An exact copy of the lines, starting at the top of the listing and ending with the line that has "In the art class", is the required answer. Pictures are not part of it.
───── Task inputs ─────
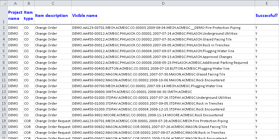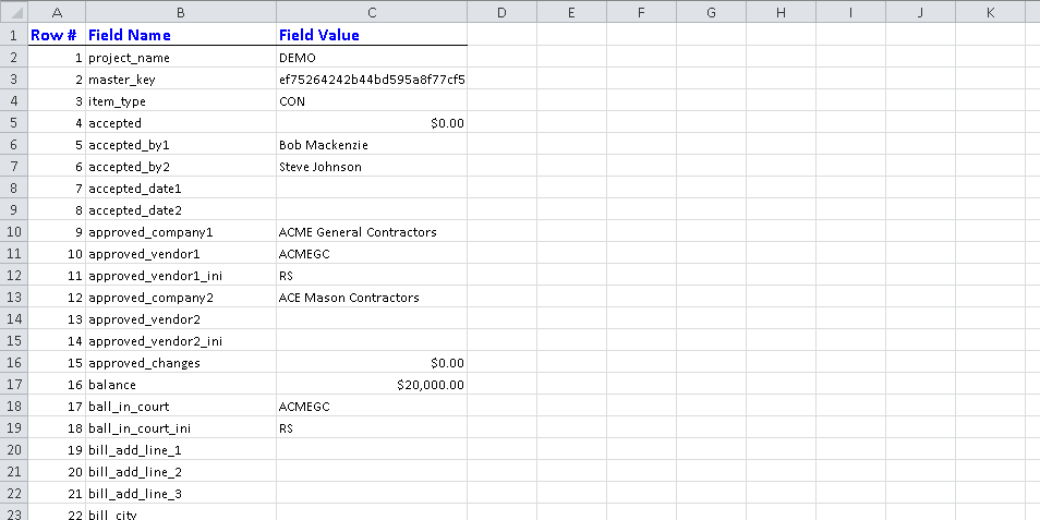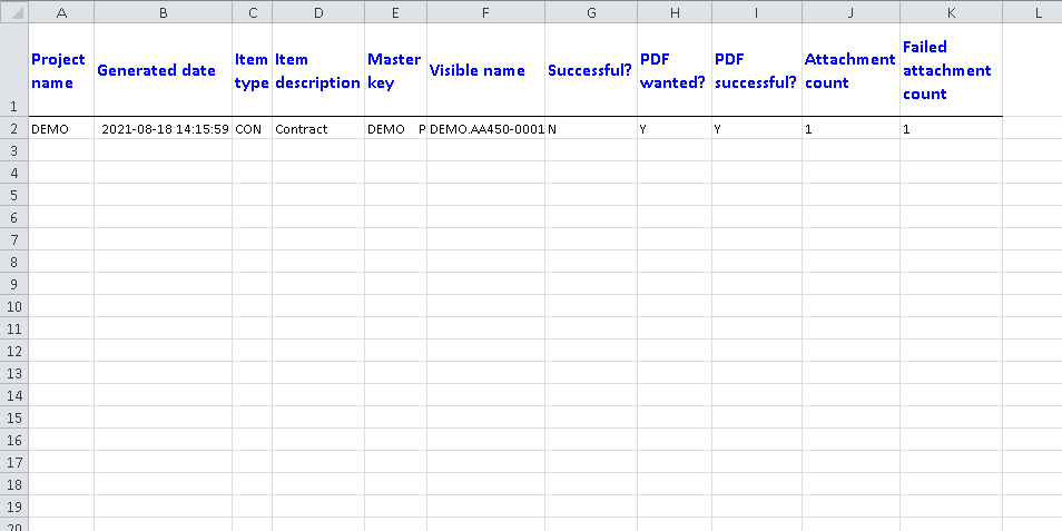 - The archive includes an Excel sheet for each archived document that includes all of the fields for the record, as well as any line items, issues, and costs.
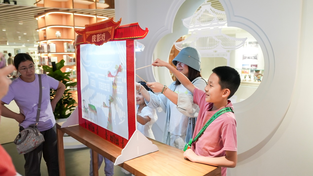 (读者在非遗文献馆体验皮影戏)
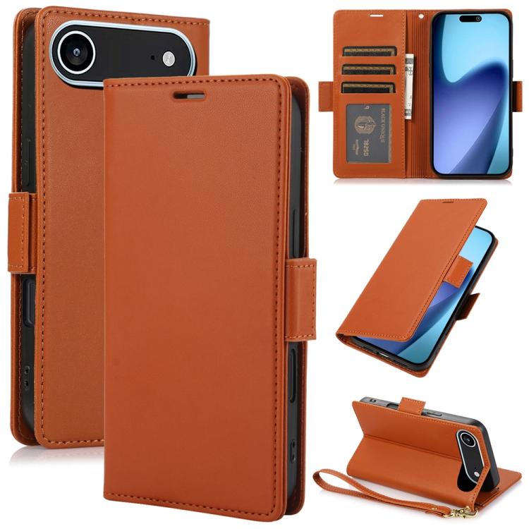 Funda de cuero antirrobo RFID con hebilla lateral para iPhone Air (marrón)
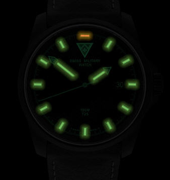 This is the Swiss Military Watch company’s “Millicurie ” pvd coated stainless model. Complete with my favourite H3 technology light source lume – which is simply unbeatable.
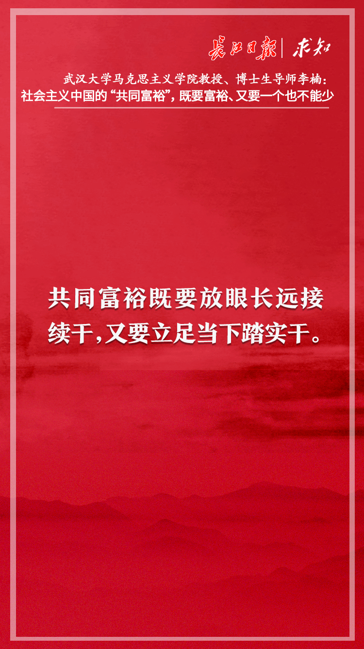 《中共中央关于制定国民经济和社会发展第十四个五年规划和二〇三五年远景目标的建议》(以下简称《建议》)中,首次把“全体人民共同富裕取得更为明显的实质性进展”作为远景目标提出,引人关注。“共同富裕”,既是“天大的事”,作为建设社会主义现代化国家的奋斗目标正式列入了党的纲领性文件,又是“极小的事”,与每一个中国人的生活直接相关。如何深入理解“共同富裕取得更为明显的实质性进展”,长江日报“求知”采访了武汉大学马克思主义学院教授、博士生导师李楠。
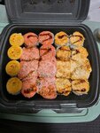 Запеченная Аляска с креветкой, запеченный Гранд с мидиями, запеченный Гранд с курицей, Калифорния в икре, маки с огурцом, маки с тунцом. Подается с соевым соусом (30 г), имбирём (30 г), васаби (10 г)
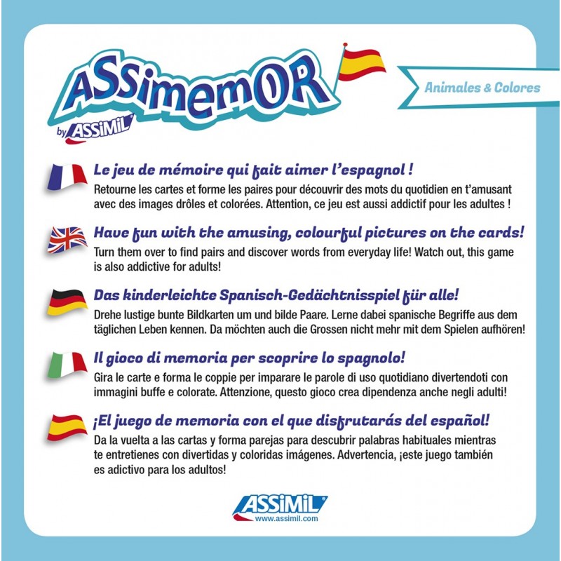 Le mie prime parole in Spagnolo. Il gioco memory educativo Assimil sullo Spagnolo per bambini dai 4 ai… 99 anni! Impara giocando i nomi di animali e colori.
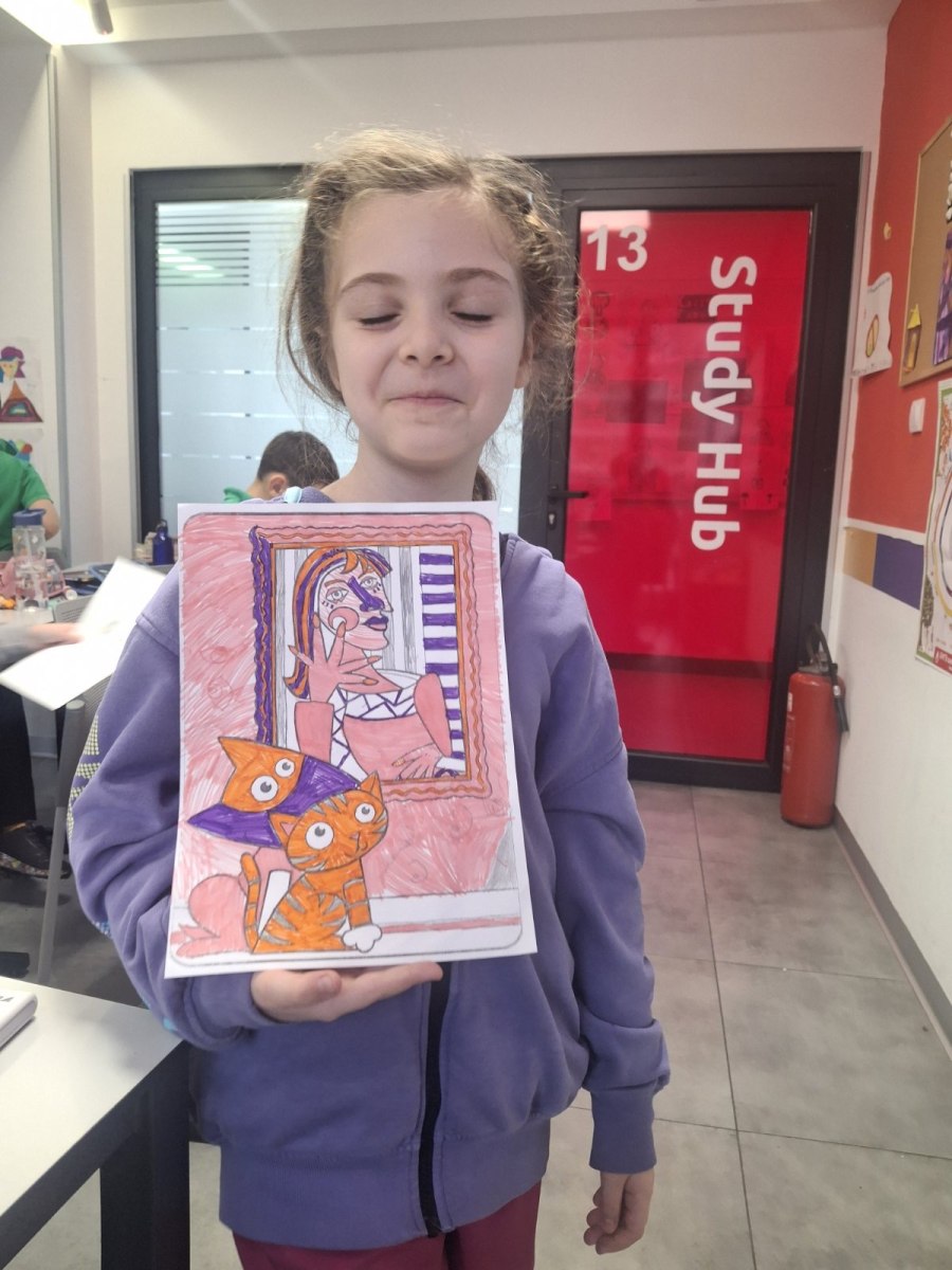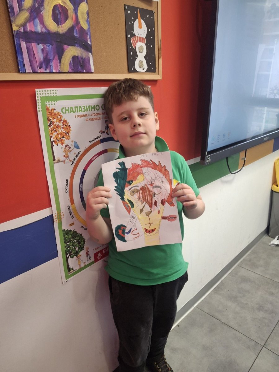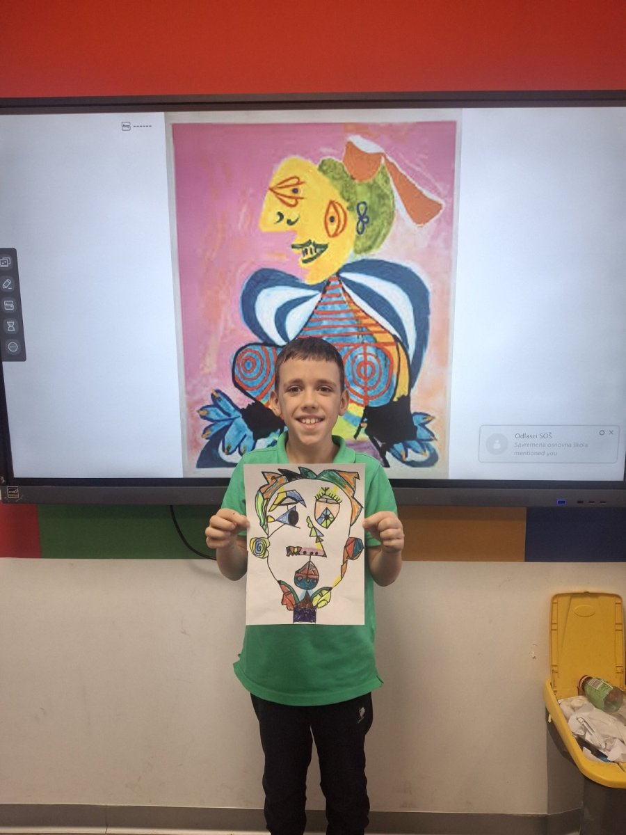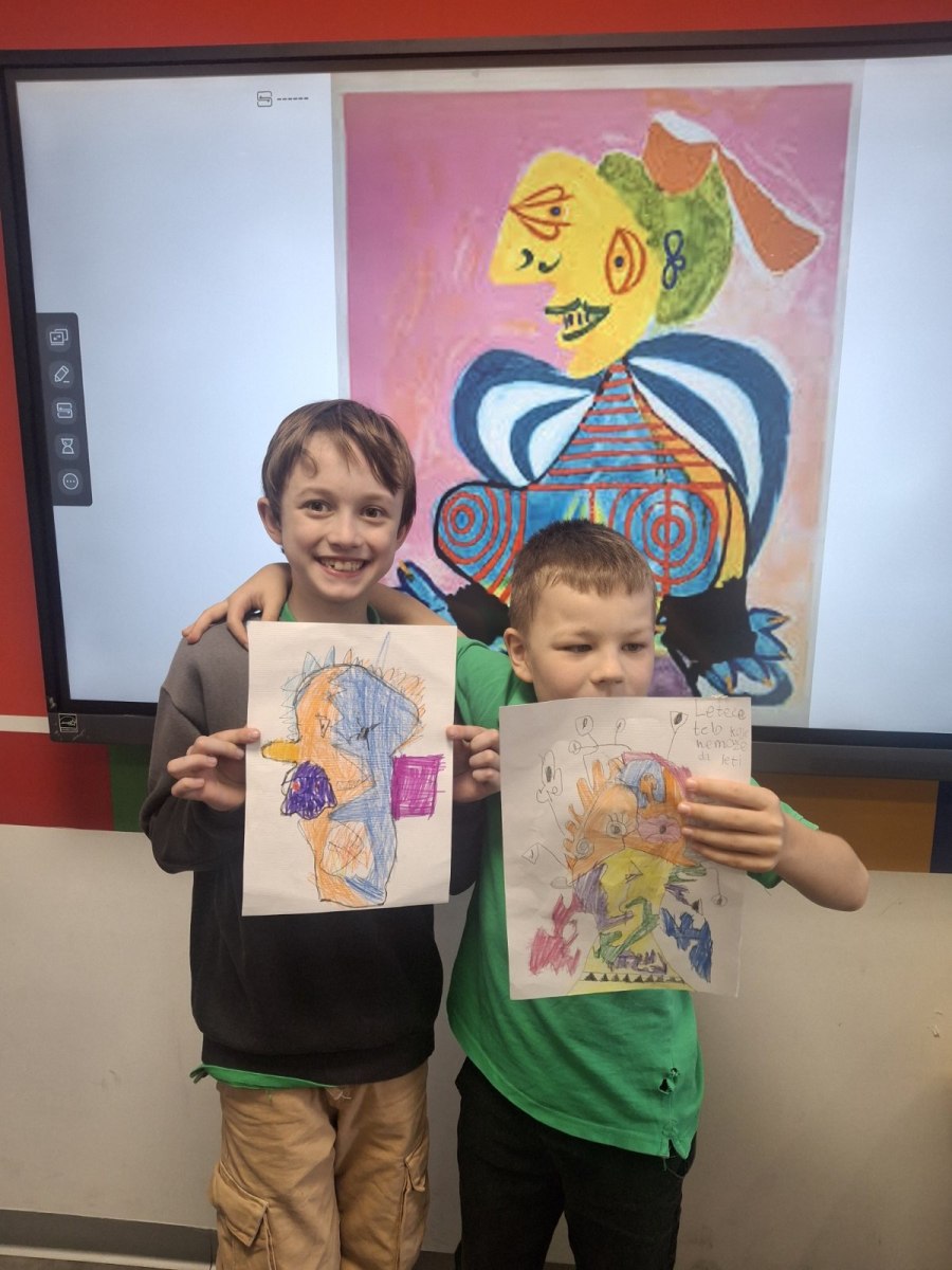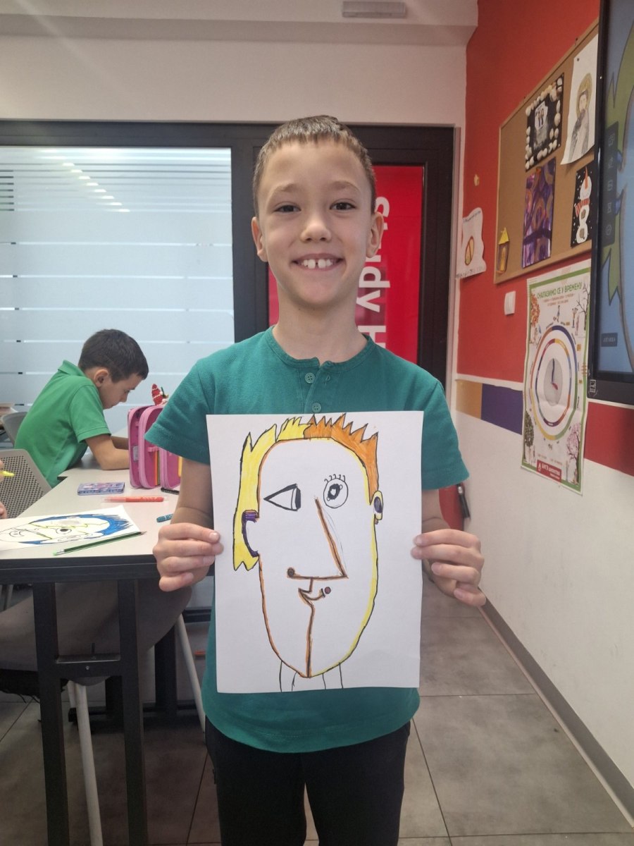 In the art class at Savremena Primary School, students stepped into the world of one of the 20th century’s most influential artists – Pablo Picasso. Through analysis of his distinctive cubist style, Savremenci explored how a face can be portrayed from multiple angles simultaneously, how geometric forms build emotion, and why art doesn’t have to be realistic to be powerful. The goal wasn’t to copy Picasso, but to understand him – and then for each student to find their own way to transform that inspiration into a drawing bearing a personal stamp.
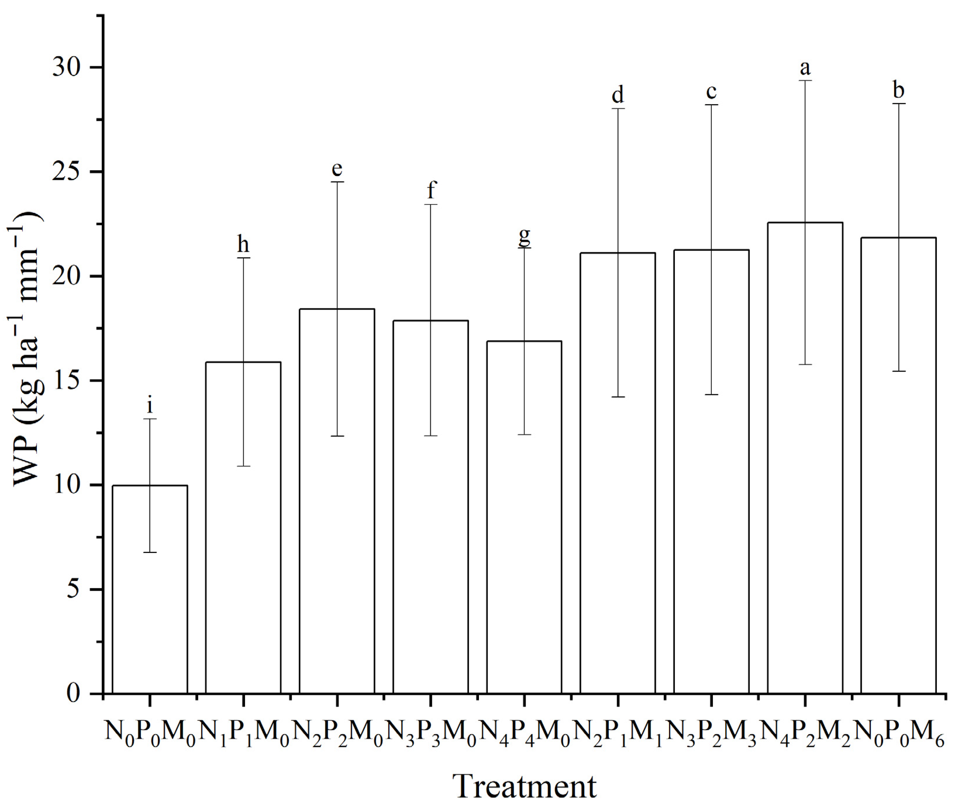 Fertilization significantly increased WP in all precipitation patterns (Table 5), with the trends in WP for each precipitation pattern being similar to that of the average WP over the 30 years. The increasing rate of WP compared with the no fertilizer control was the highest in the N4P2M2 treatment except in very wet years, in which case it was highest in N0P0M6. The rate of increase in WP with fertilizer under different precipitation patterns followed the order: relatively dry year > very wet year > normal year > relatively wet year > very dry year.
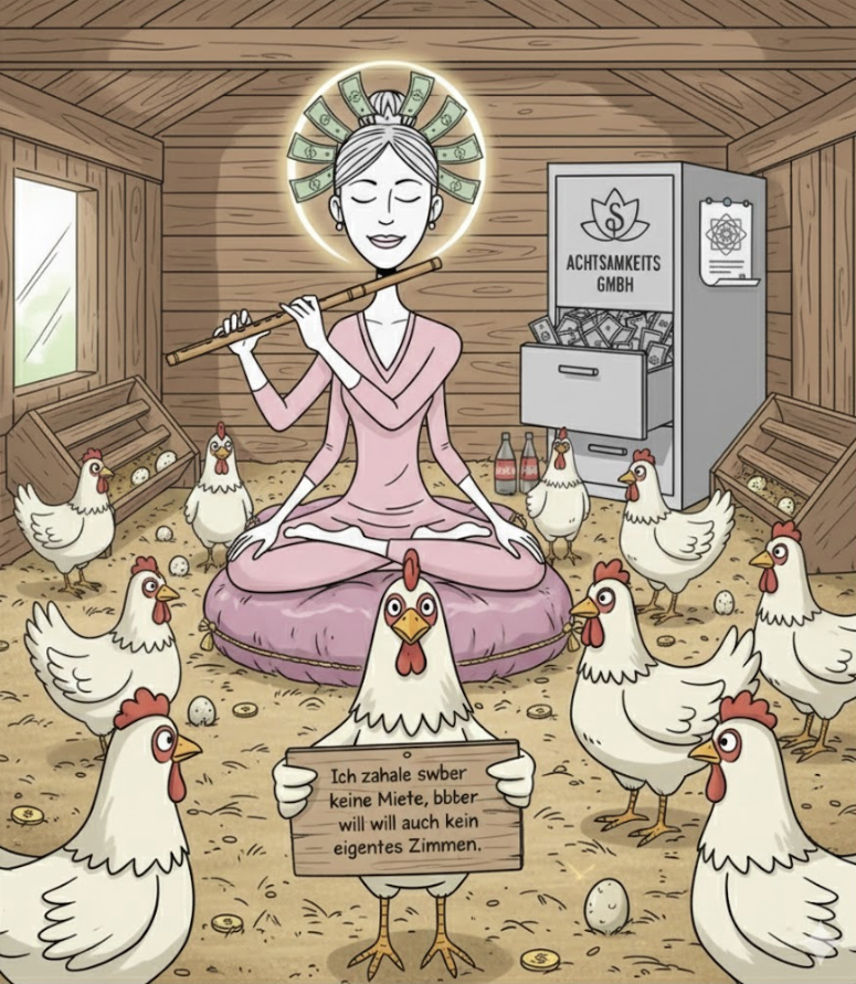 In der Achtsamkeits GmbH haben wir die nächste Stufe der „emotionalen Entlastung“ erreicht: Die Hühnerstall-Philosophie. Es ist die radikalste Form der Co-Regulation, denn unsere gefiederten Freunde wissen intuitiv: Meine Bedürfnisse kommen zuerst.
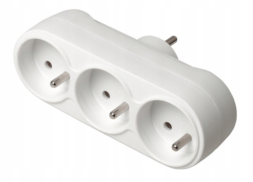 Kolminkertainen pistorasiapyöreillä pin-tyyppisillä pistorasioilla. Hyödyllinen aina, kun tarvitset lisää pistorasiaa.
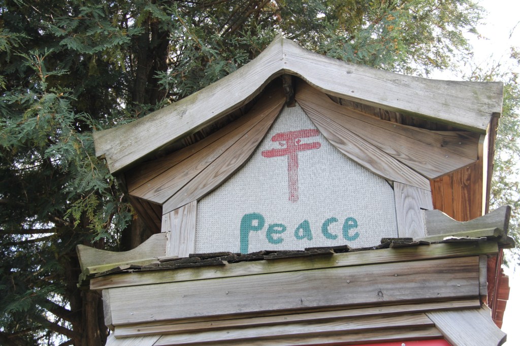 While the word PEACE was photographed from the back (because I couldn’t get a front angle), it holds the same meaning either way. (Minnesota Prairie Roots copyrighted photo September 2025)
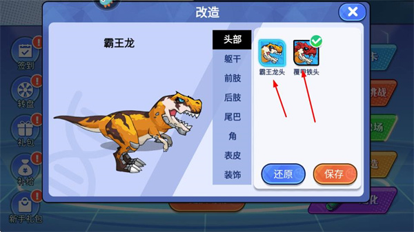 2、進(jìn)入改造界面,可對(duì)恐龍的頭部、軀干、四肢等部位進(jìn)行改造,打造獨(dú)特外觀,改造后點(diǎn)擊保存應(yīng)用更改。
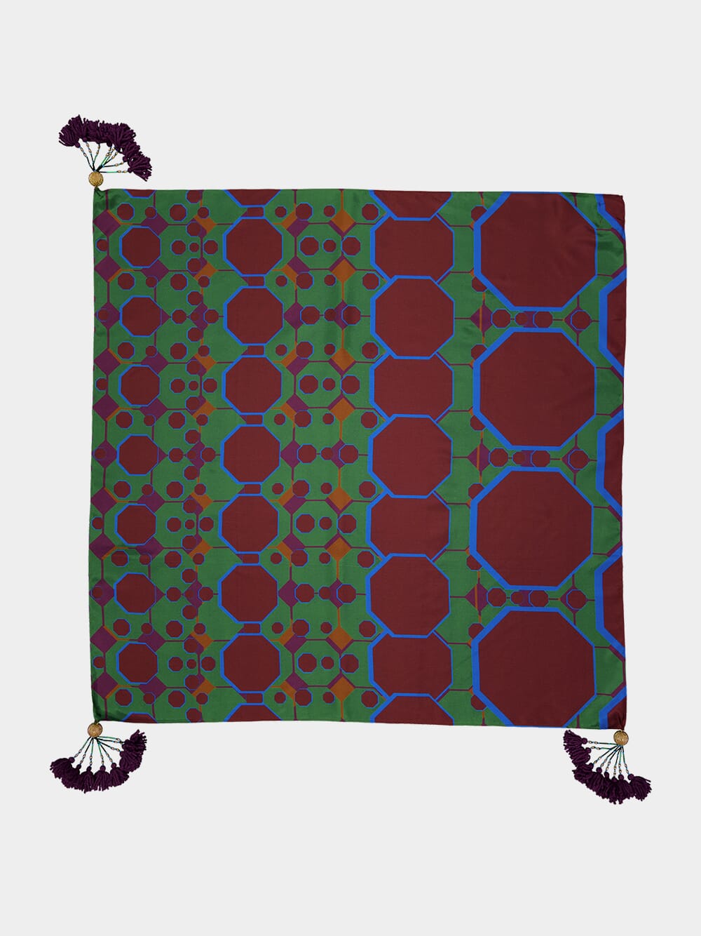 Granita Octa Print Printed Silk Twill Scarf with Trims
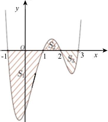 Cho hàm số \(y = f\left( x \right)\) có đồ thị trong hình sauGọi \({S_1},{S_2},{S_3}\) là diện tích
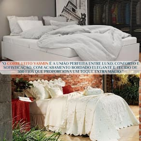 Imagine chegar em casa depois de um dia longo e se envolver em uma colcha que abraça você com suavidade e elegância. A Yasmin não é só uma colcha, é o aconchego que seu quarto merece, a sensação de relaxamento e bem-estar que transforma o sono e o descanso em momentos inesquecíveis. Além disso, o tecido 100% algodão egípcio é natural, respirável e perfeito para quem tem pele sensível.
─────
▶ **Answer box**
 - The archive includes an Excel sheet for each archived document that includes all of the fields for the record, as well as any line items, issues, and costs.
 (读者在非遗文献馆体验皮影戏)
 Funda de cuero antirrobo RFID con hebilla lateral para iPhone Air (marrón)
 This is the Swiss Military Watch company’s “Millicurie ” pvd coated stainless model. Complete with my favourite H3 technology light source lume – which is simply unbeatable.
 《中共中央关于制定国民经济和社会发展第十四个五年规划和二〇三五年远景目标的建议》(以下简称《建议》)中,首次把“全体人民共同富裕取得更为明显的实质性进展”作为远景目标提出,引人关注。“共同富裕”,既是“天大的事”,作为建设社会主义现代化国家的奋斗目标正式列入了党的纲领性文件,又是“极小的事”,与每一个中国人的生活直接相关。如何深入理解“共同富裕取得更为明显的实质性进展”,长江日报“求知”采访了武汉大学马克思主义学院教授、博士生导师李楠。
 Запеченная Аляска с креветкой, запеченный Гранд с мидиями, запеченный Гранд с курицей, Калифорния в икре, маки с огурцом, маки с тунцом. Подается с соевым соусом (30 г), имбирём (30 г), васаби (10 г)
 Le mie prime parole in Spagnolo. Il gioco memory educativo Assimil sullo Spagnolo per bambini dai 4 ai… 99 anni! Impara giocando i nomi di animali e colori.
 In the art class at Savremena Primary School, students stepped into the world of one of the 20th century’s most influential artists – Pablo Picasso. Through analysis of his distinctive cubist style, Savremenci explored how a face can be portrayed from multiple angles simultaneously, how geometric forms build emotion, and why art doesn’t have to be realistic to be powerful. The goal wasn’t to copy Picasso, but to understand him – and then for each student to find their own way to transform that inspiration into a drawing bearing a personal stamp.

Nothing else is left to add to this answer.